> **Exercise**
Copy out exactly, from the entries that follow, the line holding "Casa se vinde", the line holding "フィスカース ロータリーカッター&定規セット Fiskars", and all lines between them, but no pictures.

------ Supplied material

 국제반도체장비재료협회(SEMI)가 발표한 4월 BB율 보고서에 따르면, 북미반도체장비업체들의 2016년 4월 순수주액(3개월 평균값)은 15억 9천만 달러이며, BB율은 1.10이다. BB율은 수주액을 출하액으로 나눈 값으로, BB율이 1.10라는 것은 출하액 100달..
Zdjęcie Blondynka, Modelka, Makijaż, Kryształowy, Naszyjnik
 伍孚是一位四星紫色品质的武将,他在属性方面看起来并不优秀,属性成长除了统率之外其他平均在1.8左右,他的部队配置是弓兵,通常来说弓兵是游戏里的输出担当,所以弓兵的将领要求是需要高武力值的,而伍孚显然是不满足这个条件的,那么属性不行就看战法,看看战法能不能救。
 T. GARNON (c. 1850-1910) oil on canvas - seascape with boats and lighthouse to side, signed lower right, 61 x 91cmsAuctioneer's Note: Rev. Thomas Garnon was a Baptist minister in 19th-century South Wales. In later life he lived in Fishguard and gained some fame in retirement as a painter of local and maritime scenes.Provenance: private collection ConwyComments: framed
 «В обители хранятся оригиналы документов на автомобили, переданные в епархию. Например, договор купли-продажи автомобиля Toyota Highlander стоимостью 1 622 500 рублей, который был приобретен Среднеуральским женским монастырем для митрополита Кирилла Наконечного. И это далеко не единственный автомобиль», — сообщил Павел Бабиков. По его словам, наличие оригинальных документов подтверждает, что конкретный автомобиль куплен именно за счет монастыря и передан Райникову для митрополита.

------------
------ Supplied material

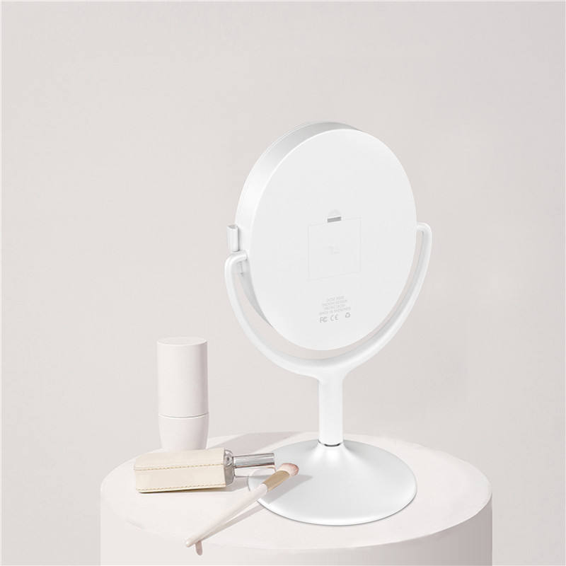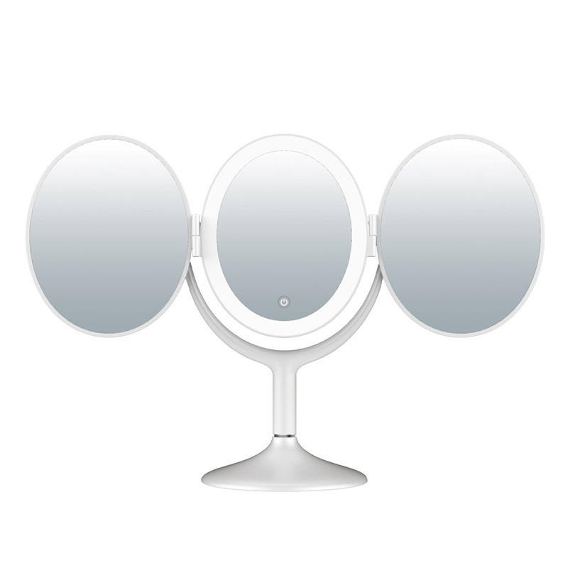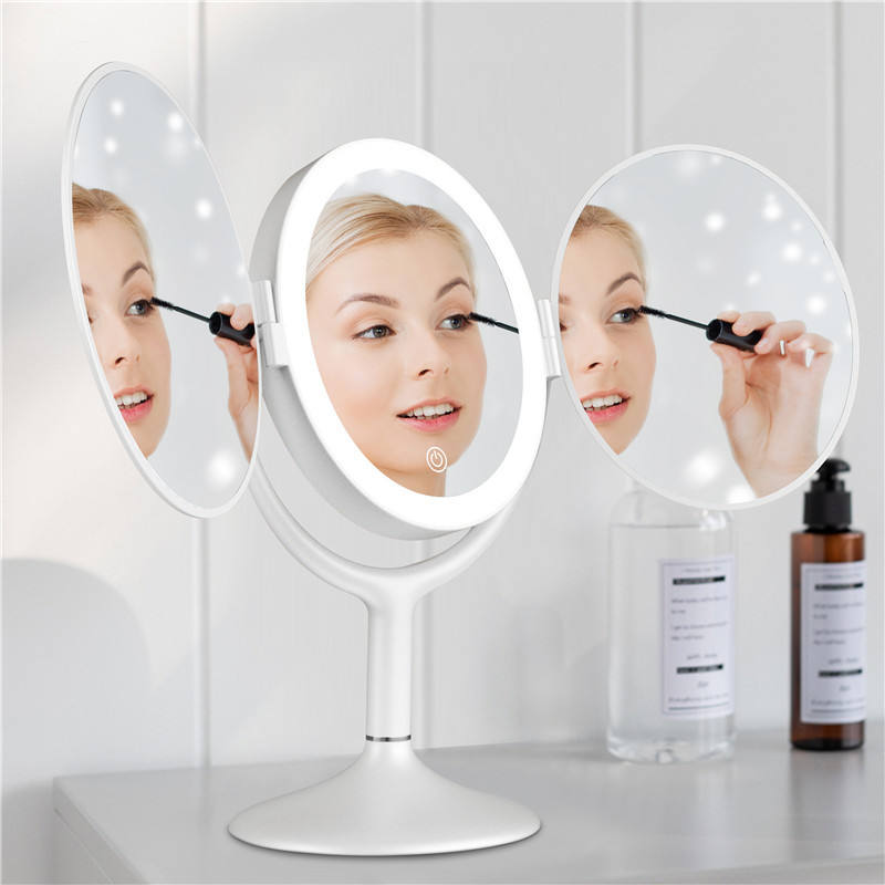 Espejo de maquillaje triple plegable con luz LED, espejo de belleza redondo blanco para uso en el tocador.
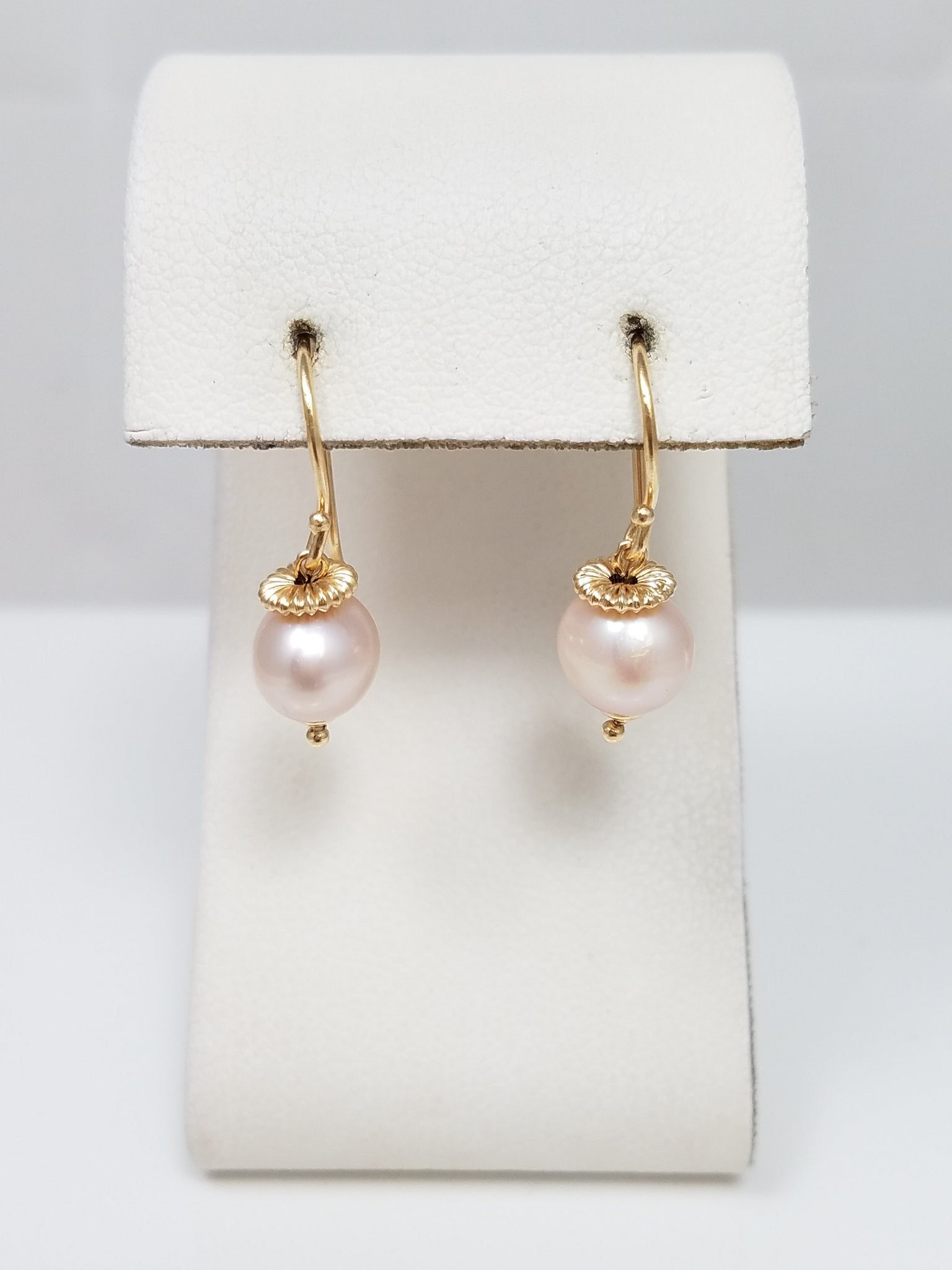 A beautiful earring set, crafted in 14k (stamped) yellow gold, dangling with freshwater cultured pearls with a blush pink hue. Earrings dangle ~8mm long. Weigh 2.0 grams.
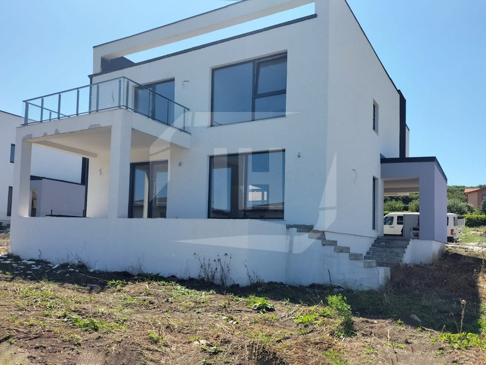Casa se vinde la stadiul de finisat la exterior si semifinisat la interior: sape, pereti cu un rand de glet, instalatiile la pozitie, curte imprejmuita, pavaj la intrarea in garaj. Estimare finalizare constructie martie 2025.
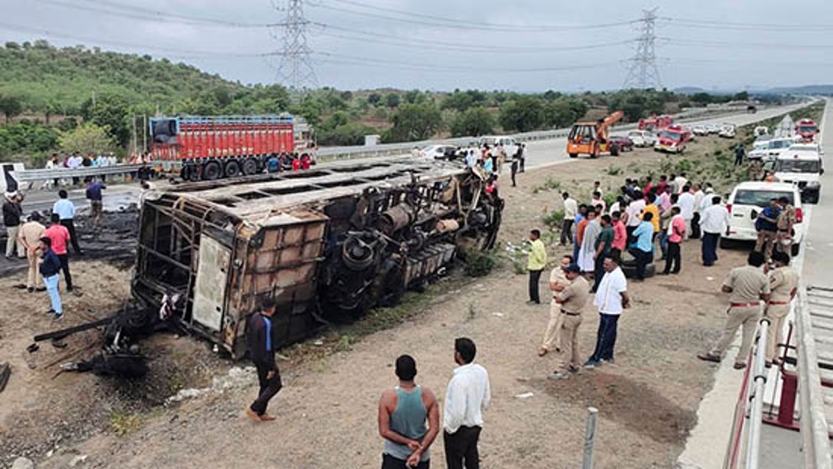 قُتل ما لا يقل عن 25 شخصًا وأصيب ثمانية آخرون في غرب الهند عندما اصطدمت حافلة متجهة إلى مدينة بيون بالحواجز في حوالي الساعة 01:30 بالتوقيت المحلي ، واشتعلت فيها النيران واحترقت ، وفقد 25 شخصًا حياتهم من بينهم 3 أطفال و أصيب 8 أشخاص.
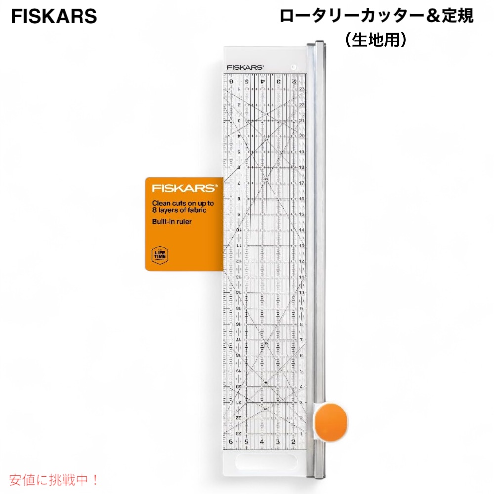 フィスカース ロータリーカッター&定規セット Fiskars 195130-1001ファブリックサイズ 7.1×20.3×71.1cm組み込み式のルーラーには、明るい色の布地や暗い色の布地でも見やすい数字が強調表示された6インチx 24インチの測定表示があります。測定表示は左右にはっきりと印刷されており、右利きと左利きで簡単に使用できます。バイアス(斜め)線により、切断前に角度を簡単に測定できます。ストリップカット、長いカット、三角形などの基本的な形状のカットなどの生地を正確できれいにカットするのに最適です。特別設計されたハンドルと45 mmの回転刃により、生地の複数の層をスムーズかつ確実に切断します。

------------
------ Supplied material

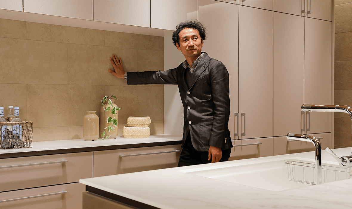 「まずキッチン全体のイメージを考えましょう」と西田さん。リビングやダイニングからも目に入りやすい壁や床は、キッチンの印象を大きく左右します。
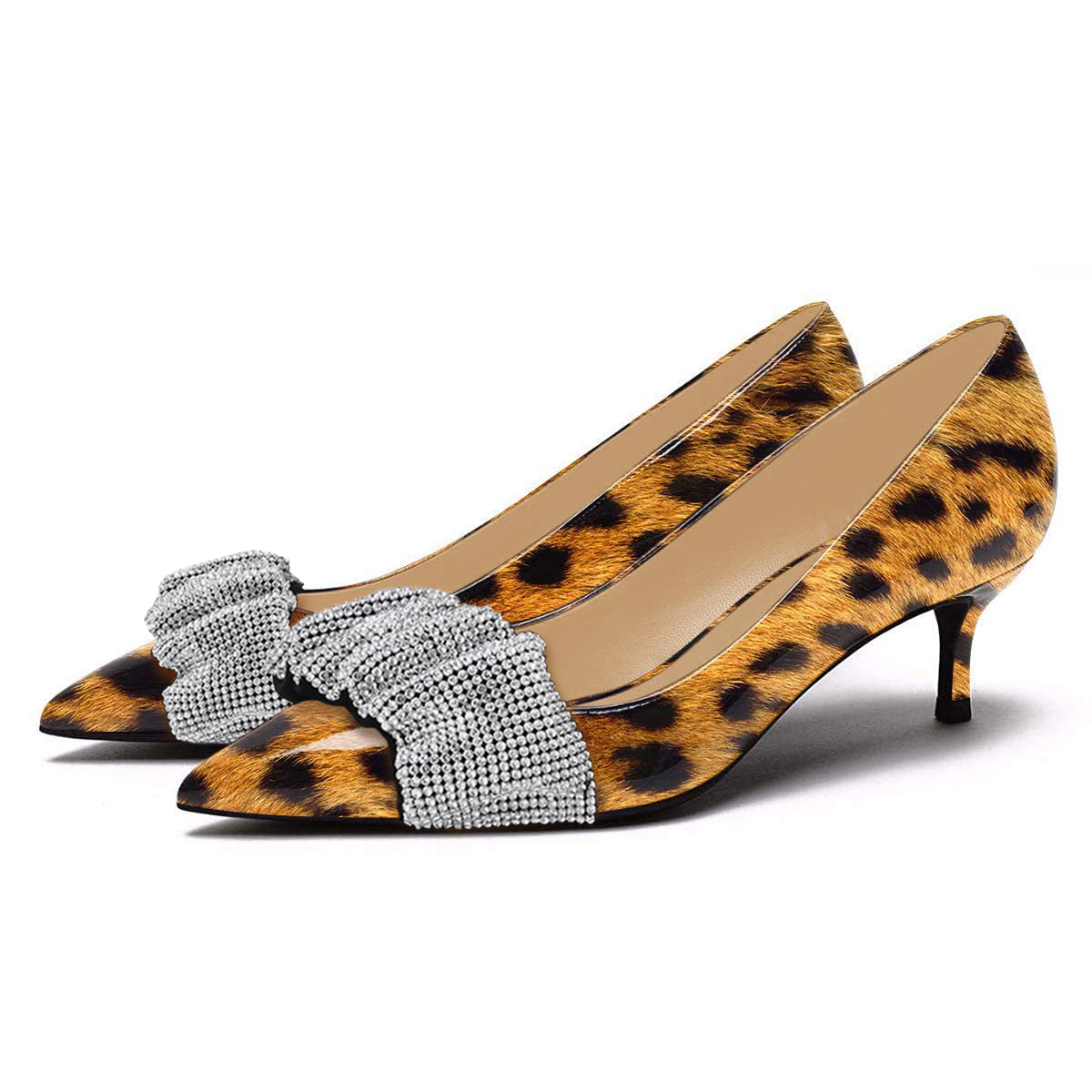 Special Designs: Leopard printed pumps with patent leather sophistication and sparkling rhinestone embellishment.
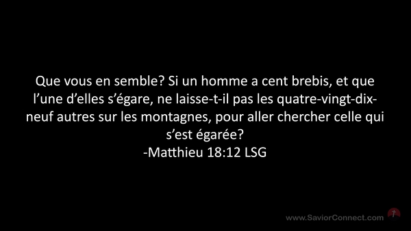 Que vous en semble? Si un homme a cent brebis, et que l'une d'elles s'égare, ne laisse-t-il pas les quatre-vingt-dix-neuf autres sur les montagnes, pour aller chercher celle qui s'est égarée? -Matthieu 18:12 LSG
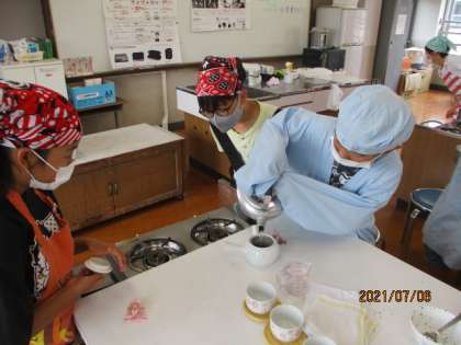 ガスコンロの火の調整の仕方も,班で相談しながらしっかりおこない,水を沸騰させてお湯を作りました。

------------

> **Solution for this task**
Casa se vinde la stadiul de finisat la exterior si semifinisat la interior: sape, pereti cu un rand de glet, instalatiile la pozitie, curte imprejmuita, pavaj la intrarea in garaj. Estimare finalizare constructie martie 2025.
 قُتل ما لا يقل عن 25 شخصًا وأصيب ثمانية آخرون في غرب الهند عندما اصطدمت حافلة متجهة إلى مدينة بيون بالحواجز في حوالي الساعة 01:30 بالتوقيت المحلي ، واشتعلت فيها النيران واحترقت ، وفقد 25 شخصًا حياتهم من بينهم 3 أطفال و أصيب 8 أشخاص.
 フィスカース ロータリーカッター&定規セット Fiskars 195130-1001ファブリックサイズ 7.1×20.3×71.1cm組み込み式のルーラーには、明るい色の布地や暗い色の布地でも見やすい数字が強調表示された6インチx 24インチの測定表示があります。測定表示は左右にはっきりと印刷されており、右利きと左利きで簡単に使用できます。バイアス(斜め)線により、切断前に角度を簡単に測定できます。ストリップカット、長いカット、三角形などの基本的な形状のカットなどの生地を正確できれいにカットするのに最適です。特別設計されたハンドルと45 mmの回転刃により、生地の複数の層をスムーズかつ確実に切断します。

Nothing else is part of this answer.